Attention Mechanisms: Both visual and somatosensory attention, facilitated by models like SKNet, ensure efficient feature extraction and responsive handling of the socks during complex movements.
Hierarchical LSTM: Implemented for capturing temporal dynamics and inter-modal dependencies, enabling seamless transitions between the phases of dressing.

Experimental Validation

The paper validates the proposed method through extensive testing with mannequins and human subjects. Notable achievements include the robot's capability to successfully dress socks on ten diverse participants, outperforming contemporary methods such as Action Chunking with Transformer (ACT) and Diffusion Policy (DP). The system demonstrated considerable success rates—84% in known backgrounds and 74% in unknown backgrounds—showcasing improved robustness against environmental changes and individual differences compared to ACT (66% and 0% respectively under similar conditions) and DP (which failed to complete the task).

Results & Discussion

The experimental results highlight the model’s superior generalization ability and robustness. The attention mechanism effectively manages spatial and depth-related complexities, ensuring smooth and adaptive dressing motions even in untrained environments. The hierarchical LSTM further aids in maintaining stability across varying foot sizes, as demonstrated in tactile data analysis.

The ablation studies provide insights into the contributions of model components, with the complete architecture achieving a 100% success rate compared to degraded performance when significant components like DAM or SAM are omitted.

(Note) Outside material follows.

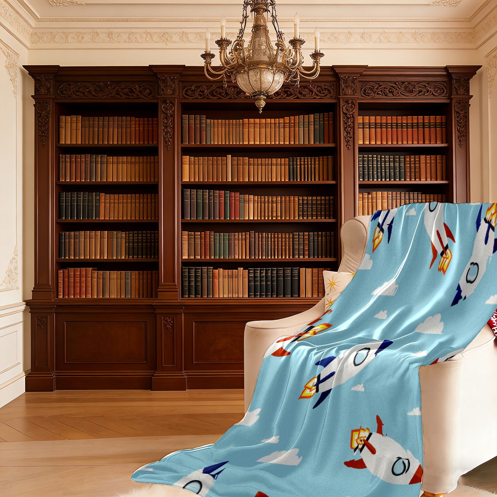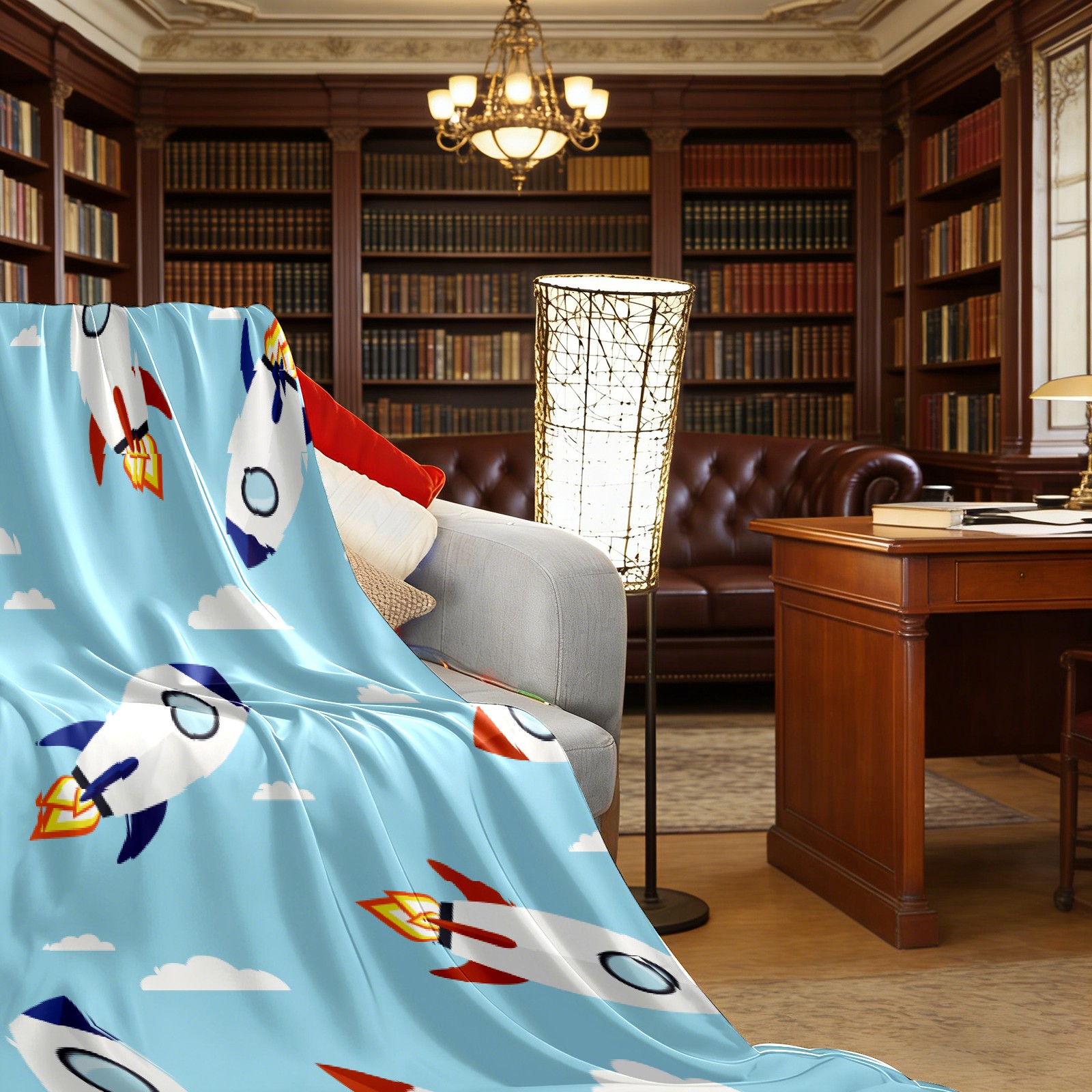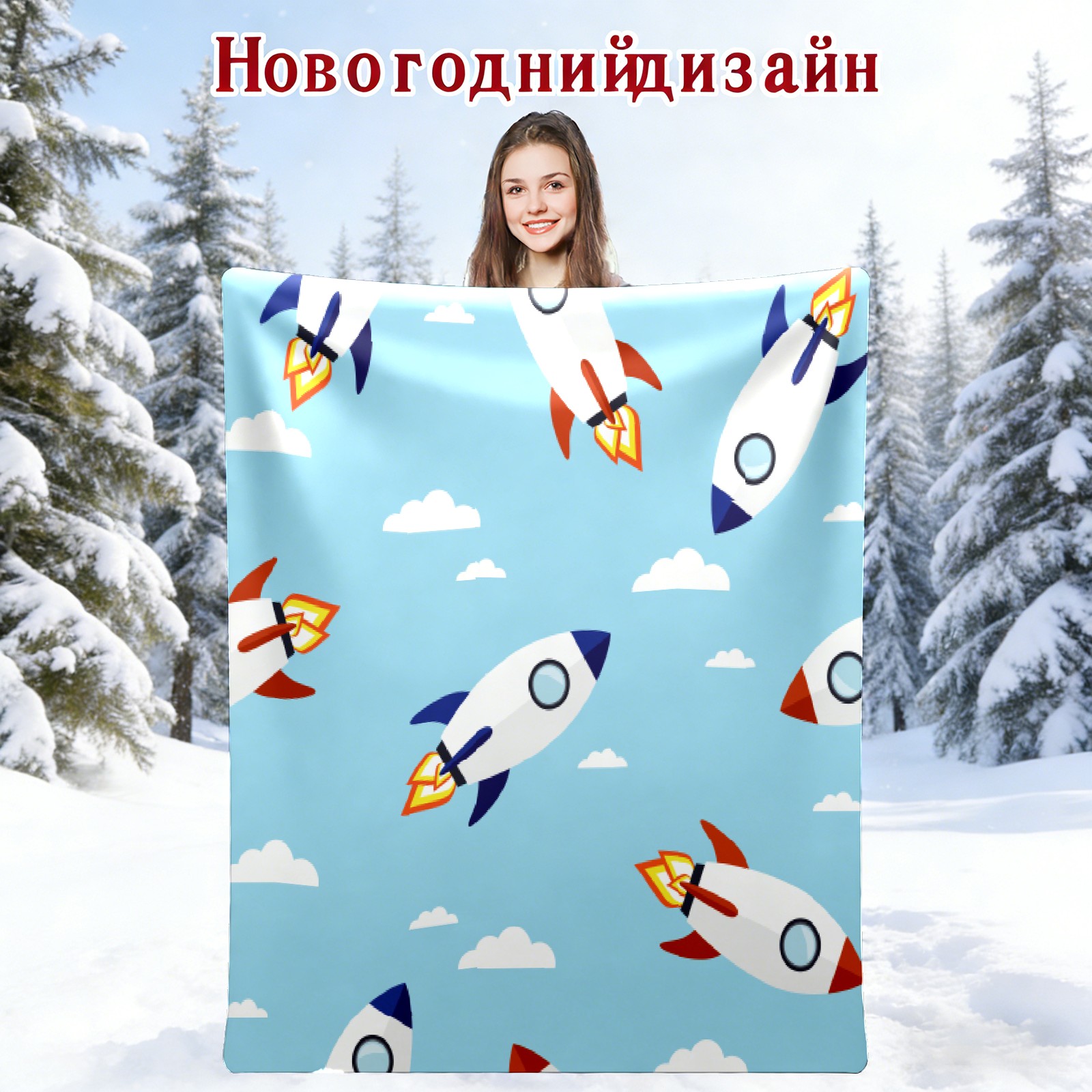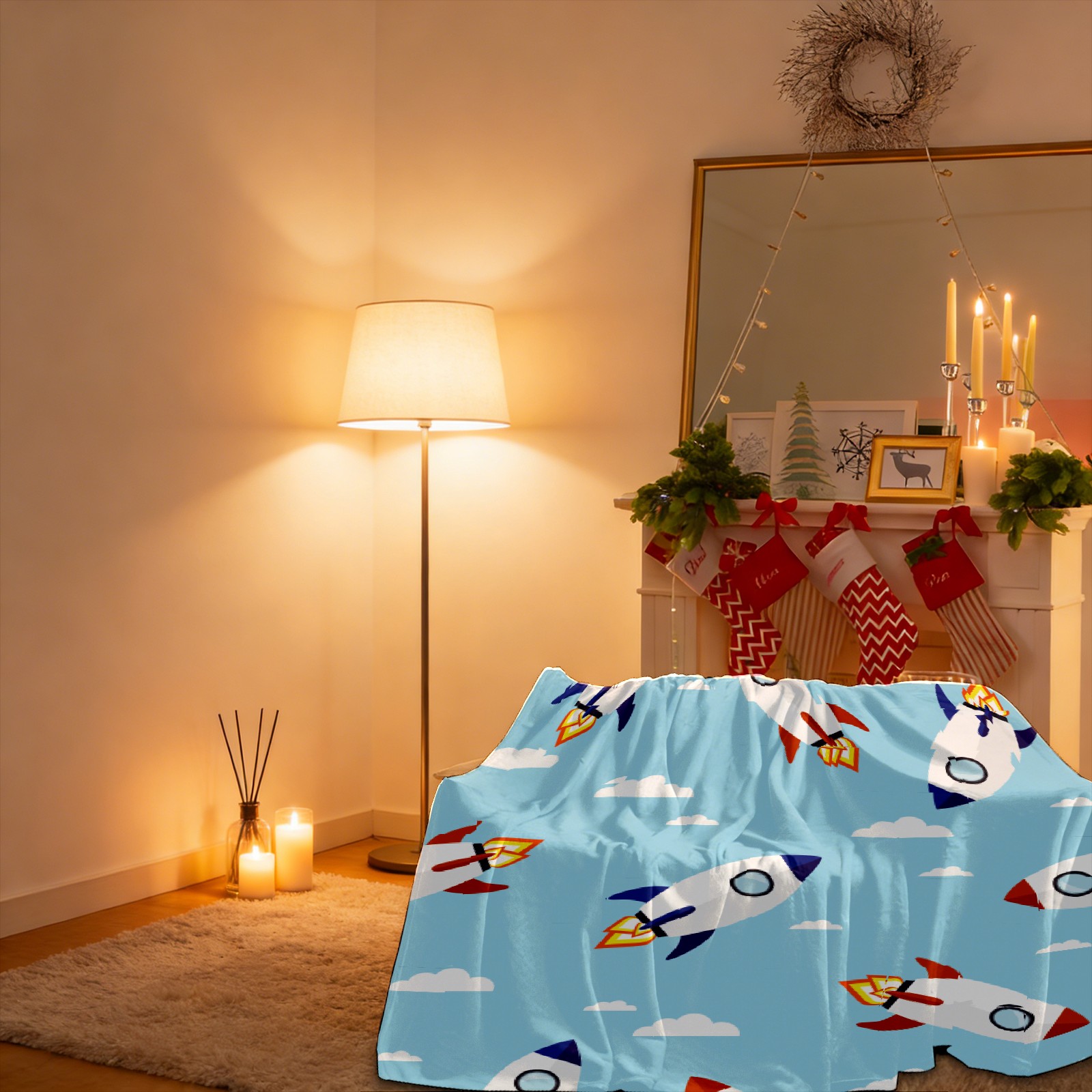 Blue Cartoon Rockets Pattern

Implications and Future Directions

The implications of this research are manifold, with potential applications in healthcare robotics, particularly in the domain of autonomous caregiving solutions for the elderly and disabled. Future work may focus on refining the motion planning phases, especially the insertion step, through continued improvements in simulation and reinforcement learning models, potentially enhancing the precision of dressing actions further. Expanding the scope to accommodate dynamic human motions during dressing could further optimize real-world applicability and reliability.

This paper contributes to the expanding domain of assistive robotics, providing a foundation for future work in developing humanoid robots capable of handling intricate physical tasks with a high degree of autonomy and adaptability.